Front. Endocrinol., 10 July 2013
Sec. Bone Research
This article is part of the Research Topic Bone vascular function and its importance for bone remodeling in health and disease View all 5 articles

Regulation of Bone Marrow Angiogenesis by Osteoblasts during Bone Development and Homeostasis


      Ernestina Schipani* Ernestina Schipani1*Collen Wu Collen Wu2Erinn B. Rankin Erinn B. Rankin2Amato J. Giaccia*
   Amato J. Giaccia2*
  • 1Division of Endocrinology, Department of Medicine, Indiana University Medical School, Indianapolis, IN, USA
  • 2Division of Radiation and Cancer Biology, Department of Radiation Oncology, Stanford University School of Medicine, Stanford, CA, USA

Bone marrow is a highly heterogeneous and vascularized tissue. The various cell types populating the bone marrow extensively communicate with each other, and cell-to-cell cross talk is likely to be essential for proper bone development and homeostasis. In particular, the existence of osteogenesis and angiogenesis coupling has been recently proposed. Despite its high degree of vascularization, a gradient of oxygenation is present in the bone marrow, and the endosteal surface of cortical bone appears to be among the most hypoxic areas in the body. Oxygen (O2) is both an essential metabolic substrate and a regulatory signal that is in charge of a specific genetic program. An important component of this program is the family of transcription factors known as hypoxia-inducible factors (HIFs). In this Perspective, we will summarize our current knowledge about the role of the HIF signaling pathway in controlling bone development and homeostasis, and especially in regulating the crosstalk between osteoblasts, progenitor cells, and bone marrow blood vessels.

Bone Marrow: A Highly Vascularized Tissue with a Gradient of Oxygenation

Skeletal development is dependent on two mechanisms: intramembranous ossification and endochondral replacement (1, 2). Intramembranous ossification is a process in which mesenchymal cells differentiate directly into osteoblasts, is responsible for the formation of the flat bones of the skull. In contrast, endochondral replacement, which accounts for the development of most other bones, is a two-step process: mesenchymal cells give origin to chondrocytes, which build a template known as growth plate; this template is next replaced by bone.

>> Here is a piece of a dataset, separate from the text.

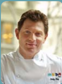
2008 Grand Marshal Bobby Flay

The Kentucky Derby Festival was first held in 1956 on a modest budget of just $640. The festival's very first event was the Pegasus Parade, which marched down Broadway before a crowd of 125,000. Since that time, the Derby Festival has grown by leaps and bounds. Featuring floats, inflatable characters, marching bands, equestrian units and assorted celebrities, the Pegasus Parade has thrilled Louisvillians and their guests for more than half a century. Held every year on the Thursday before the running of the Kentucky Derby, the Pegasus Parade is ranked among the top 15 parades in the country by the International Festivals and Events Association. The parade is not only the Derby Festival's oldest event, but also its most beloved. Capping off the two-week-long Kentucky Derby Festival, the Pegasus Parade showcases some of the most spectacular attractions to be found anywhere. It's a tradition that just keeps getting better every year.
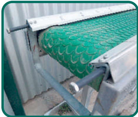
Conveyors have carry handles to enable easy transport of the lightweight conveyor

The conveyors run from a standard 240V outlet, so all you need is an extension lead, or even a generator to start moving your materials from one spot to the next.

Bone marrow is a highly heterogeneous and highly vascularized tissue. In addition to endothelial cells, at least two other cell types populate the adult bone marrow: hematopoietic cells, which originate from the very well characterized hematopoietic stem cell (HSC), and mesenchymal cells, which include stromal cells, osteoblasts, and adipocytes, and are thought to be derived from a still not fully defined mesenchymal stem cell population (3). Stromal cells are a meshwork of osteoblast precursors and specialized fibroblasts known as reticular or adventitial cells. However, the relationship between these two types of stromal cells, if any, remains to be elucidated (4).

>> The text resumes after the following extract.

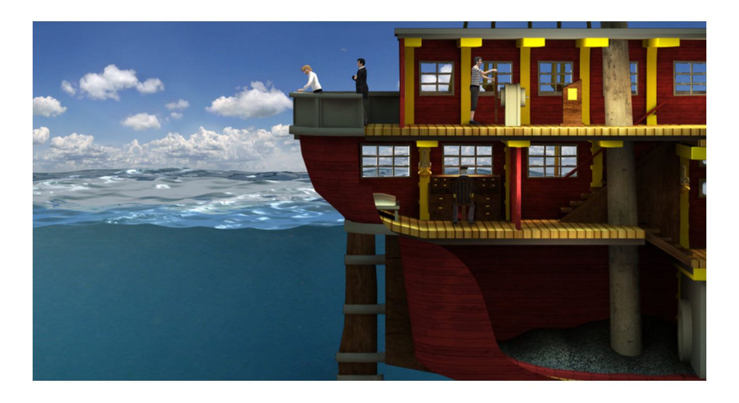
Gold Rush! Anniversary Free Download [Crack Serial Key

It is noteworthy that HSCs can also give rise to osteoclasts, which are specialized cells that resorb bone (5). Furthermore, it has been hypothesized that hematopoietic and endothelial cells probably share a common mesodermal precursor (6).

The clear dichotomy between hematopoietic-endothelial cells and mesenchymal cells and their distinct embryological origin was already recognized more than 40 years ago by Le Douarin, who wrote in one of her seminal papers “The contribution to bone marrow histogenesis of cells of vascular and blood origin, on one hand, and of the elements of the cartilaginous model, on the other hand, was analyzed. It appeared that osteoblasts, osteocytes, and stromal cells of marrow are derived from the perichondrium. In contrast, the endothelium of the vascular buds and the hemopoietic cells which invade the diaphyseal cartilage during the endochondral ossification process do not belong to the mesenchymal bone primordium but have a fully extrinsic origin” (7).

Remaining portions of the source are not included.